At result.iAccession = aFASTAHeader.substring(0, aFASTAHeader.indexOf("|")).trim(); the accession is parsed as 'sp' and this generates accession duplication error since there are multiple 'sp' accessions.

The header line does not get caught where, I think, it should:

} else if (aFASTAHeader.matches("^sp\\|[^|]*\\|[^\\s]+_[^\\s]+ .*")) {
                    // New (September 2008 and beyond) standard SwissProt header as
                    // present in the Expasy FTP FASTA file.
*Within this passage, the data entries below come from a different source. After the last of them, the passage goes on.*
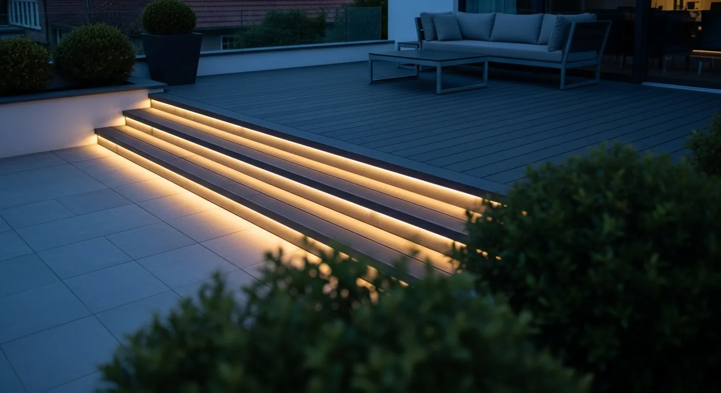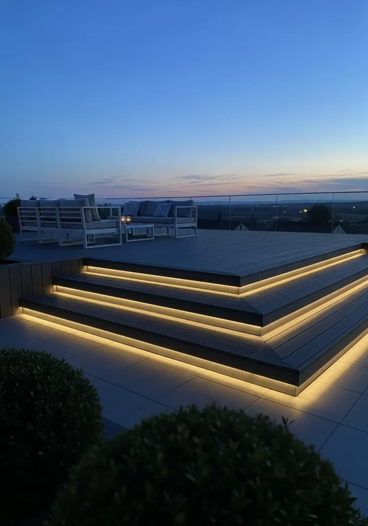 This rooftop terrace features layered steps with integrated warm LED strip lighting beneath each riser. The landing is finished in sleek gray porcelain slabs, and the glass railing keeps the edges visually light. As the sky turns deep blue, the lighting makes the materials glow softly.
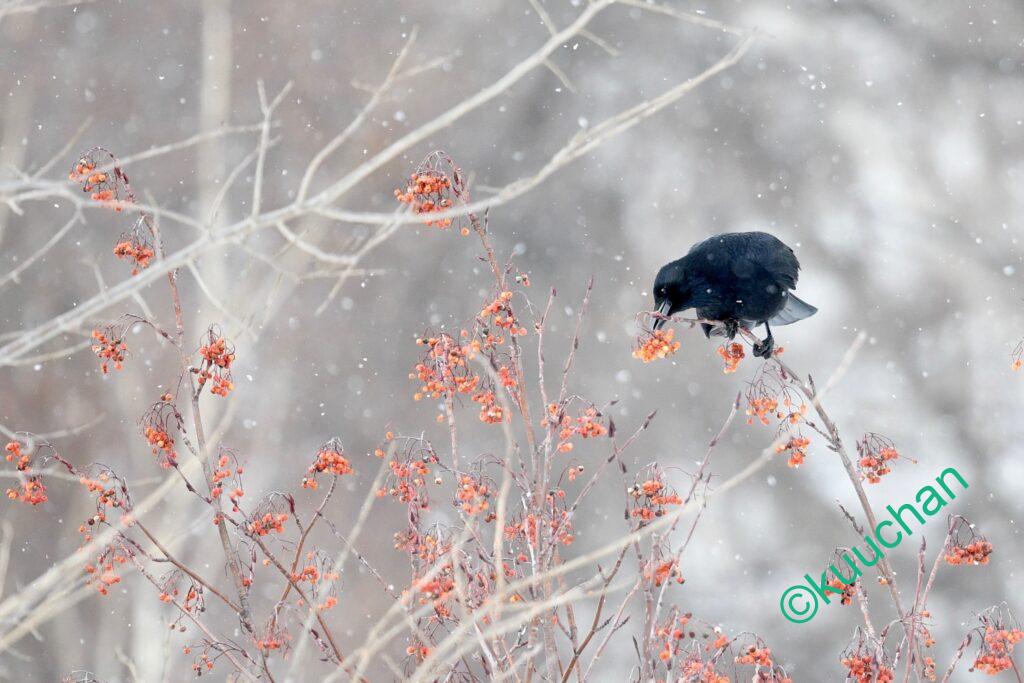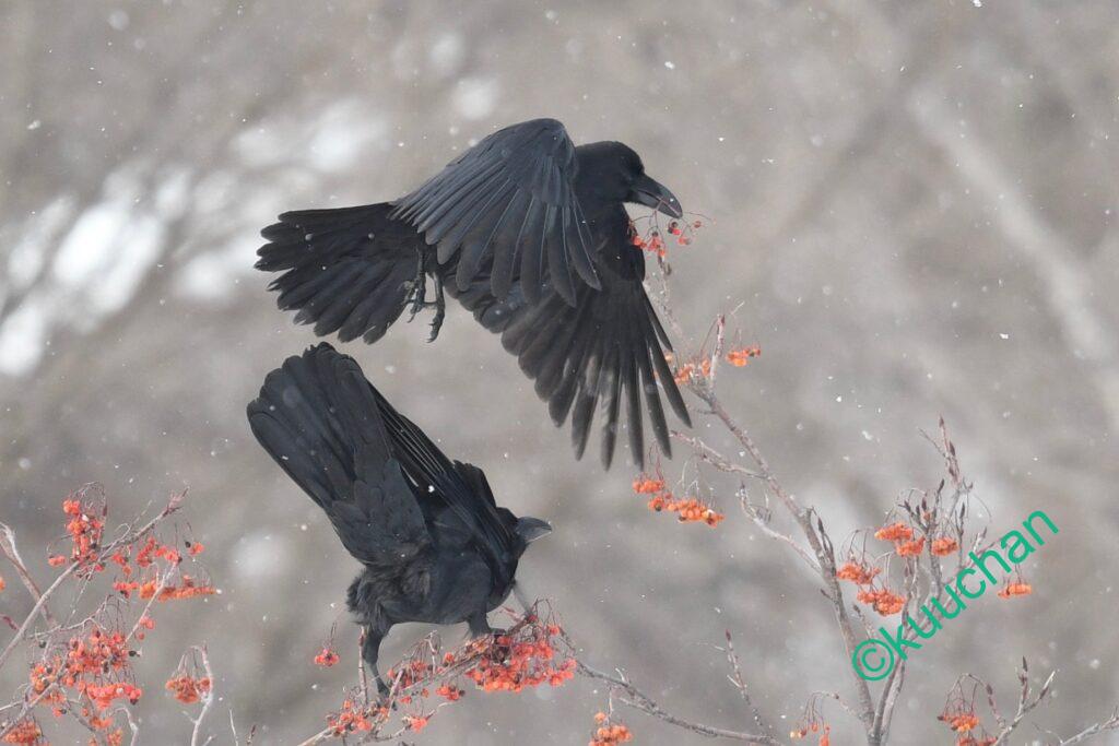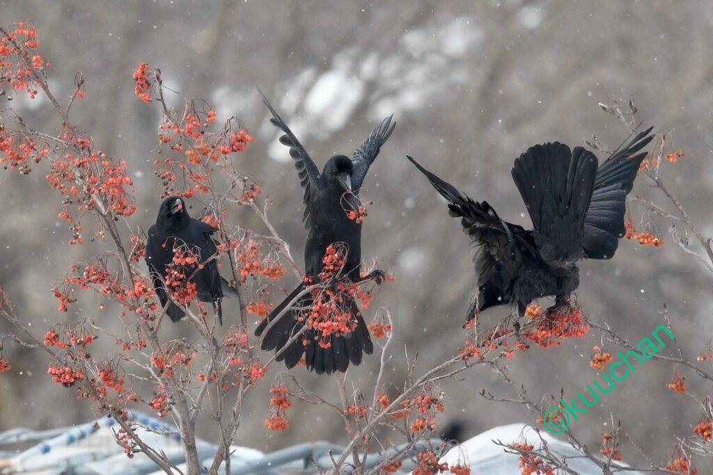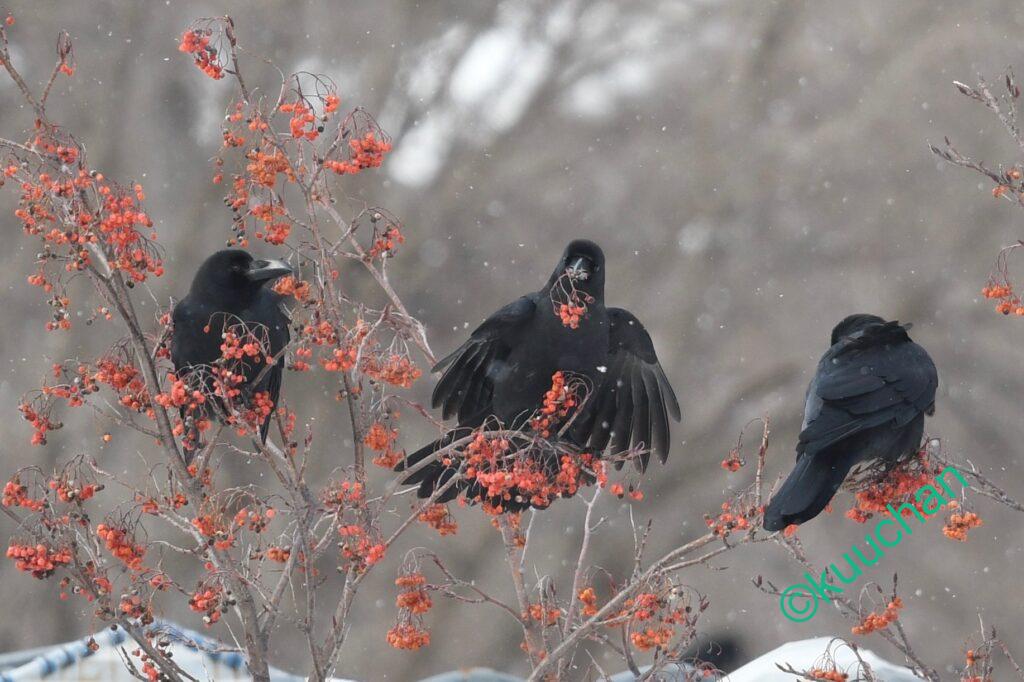 今回はナナカマドの木に集まって、楽しげに実を食べていたカラスたち。
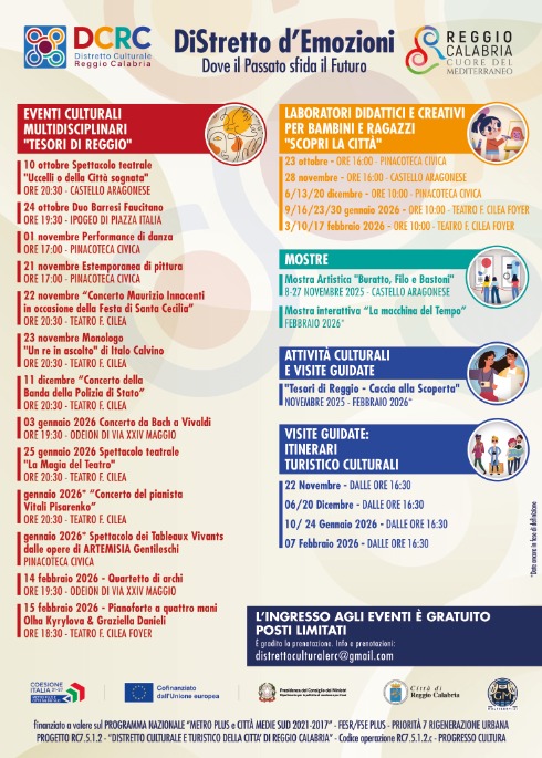 Promosso dalla Città di Reggio Calabria – Settore Sviluppo Economico, Cultura e Turismo, DiStretto d’Emozioni è un progetto finanziato nell’ambito del Programma Nazionale “Metro Plus e Città Medie Sud 2021-2027” – FESR/FSE Plus – Priorità 7 Rigenerazione Urbana. Denominato Progetto RC7.5.1.2 “Distretto Culturale e Turistico della Città di Reggio Calabria” (Codice operazione RC7.5.1.2.c “Progresso Cultura”), con l’obiettivo di rafforzare il legame tra rigenerazione urbana, cultura e turismo. Il progetto è stato programmato dal Settore Cultura e Turismo e la ditta GM Multiservizi SRLS, in A.T.I. con Emmedue Group SRL, è stata incaricata della realizzazione delle attività progettuali.
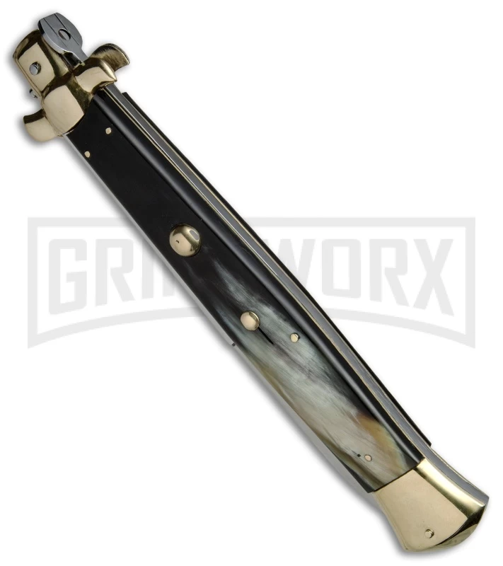 A.G.A. Campolin 18″ Brazilian Horn/Brass Italian Stiletto Auto Knife – Bayonet
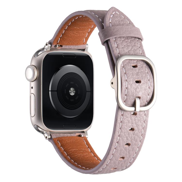 Correa de cuero genuino con textura de lichi y hebilla cuadrada para Apple Watch de 46 mm, 49 mm, 45 mm y 44 mm (morado brumoso)
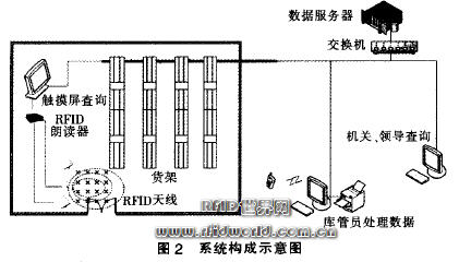 “衛(wèi)生戰(zhàn)備物資智能管理系統(tǒng)”由RFID采集、模擬倉庫觸摸屏查詢和業(yè)務(wù)管理(含RFID標(biāo)簽發(fā)行功能)等3個(gè)部分組成(如圖1、圖2所示)。這3個(gè)模塊互相聯(lián)系,集成為一個(gè)整體,共同完成物資管理的各個(gè)流程。業(yè)務(wù)管理模塊連接后臺(tái)數(shù)據(jù)庫是整個(gè)系統(tǒng)的核心.RFID采集與計(jì)算機(jī)模擬立體倉庫是實(shí)現(xiàn)管理功能的基礎(chǔ)和手段。
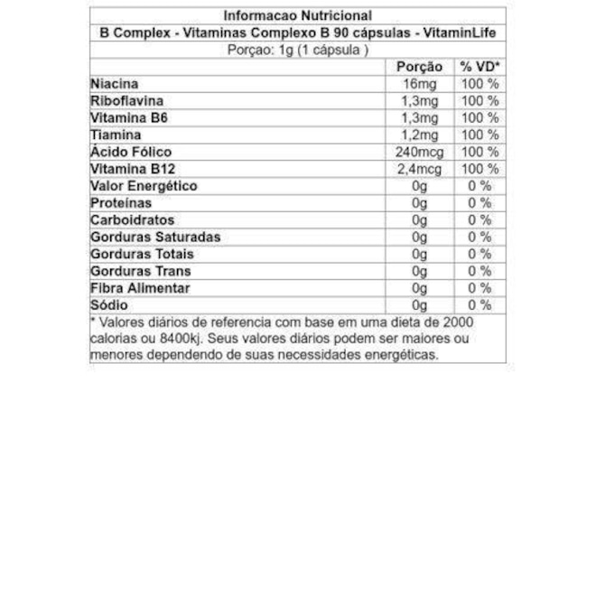 Suplemento Vitamínico VitaminLife B Complex - Vitaminas Complexo B - 90 Cápsulas
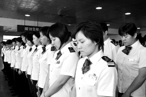 | 济南火车站工作人员在候车室向汶川大地震遇难者默哀。 新华社记者 朱峥 摄 |
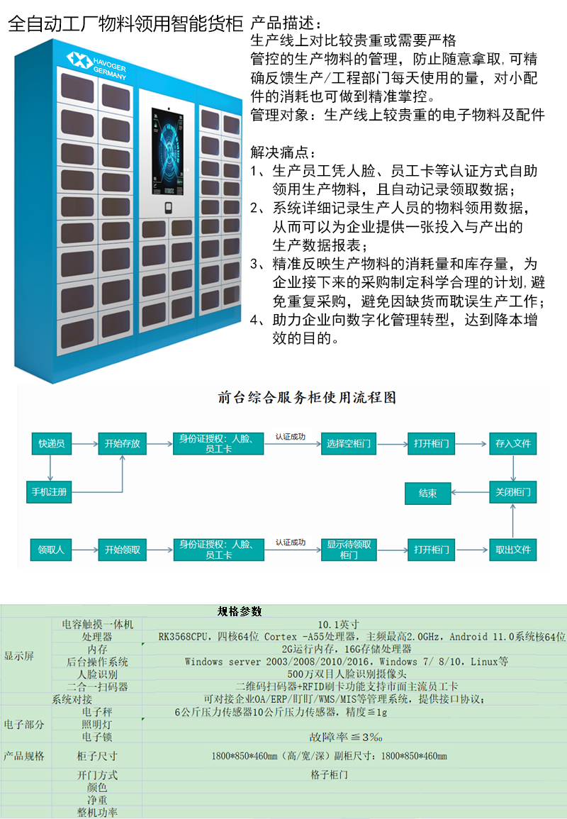"1、生产员工凭人脸、员工卡等认证方式自助领用生产物料,且自动记录领取数据; 2、系统详细记录生产人员的物料领用数据,从而可以为企业提供一张投入与产出的生产数据报表; 3、精准反映生产物料的消耗量和库存量,为企业接下来的采购制定科学合理的计划,避免重复采购,避免因缺货而耽误生产工作; 4、助力企业向数字化管理转型,达到降本增效的目的。"
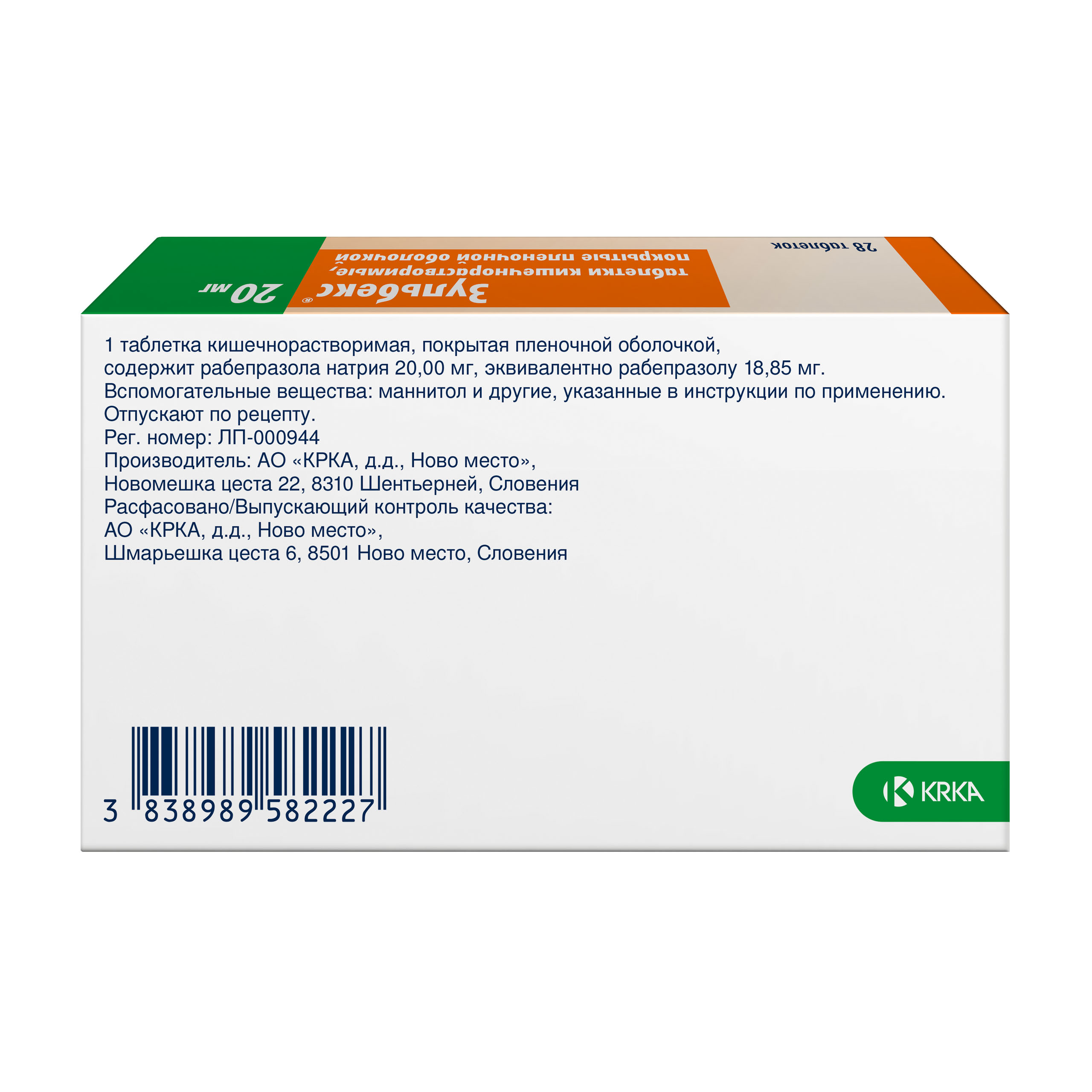 После приема внутрь всасывается из ЖКТ. При дозе 20 мг Cmax достигается через 3.5 ч. Изменения Cmax и AUC носят линейный характер (в диапазоне доз от 10 до 40 мг). Абсолютная биодоступность составляет около 52% вследствие эффекта "первого прохождения" через печень. Биодоступность рабепразола не увеличивается при многократном приеме.
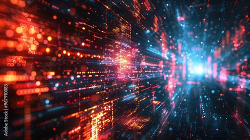 Fototapeta premium Abstract glowing digital data background, representing technology, data...
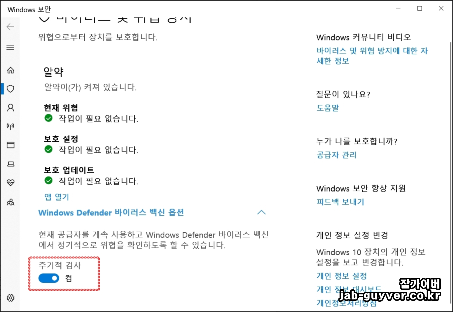Windows Defender 바이러스 백신 옵션을 선택하면 윈도우디펜더의 "주기적 검사"를 활성화하거나 비활성화할 수 있습니다.
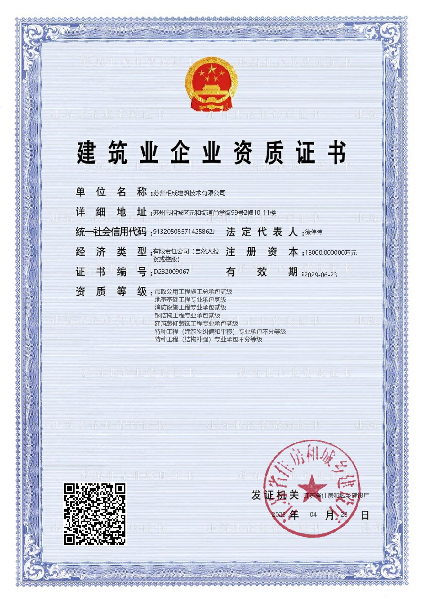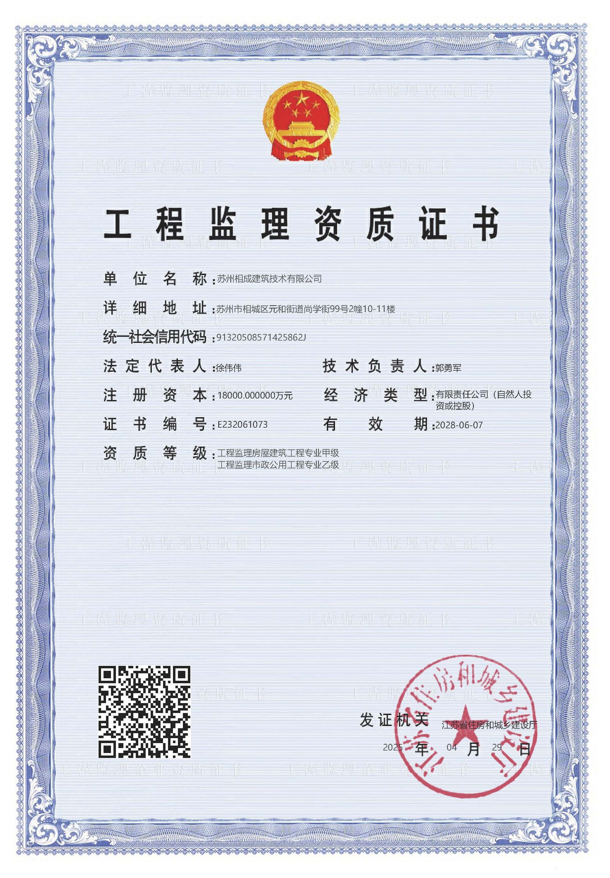 蘇州相成建筑技術有限公司是一家以提供建筑開發服務為主的建筑企業,公司位于蘇州市相城區,成立于2011年3月,注冊資本 10000萬,歷經13年的努力于2022年7月獲省住建廳頒發房屋建筑工程施工總承包壹級資質,市政公用、建筑裝飾、地基基礎、消防設施、鋼結構工程等專業承包二級資質; 2023 年6月份增設房屋建筑工程監理甲級、市政一級監理資質;目前是相城區唯一一家集施工總承包一級和建筑工程監理甲級資質的企業。

                    // Is formatted something like this:
                    //  >sp|accession|ID descr rest (including taxonomy, if available)
                    String tempHeader = aFASTAHeader.substring(3);
                    result.iAccession = tempHeader.substring(0, tempHeader.indexOf("|")).trim();
                    // See if there is location information.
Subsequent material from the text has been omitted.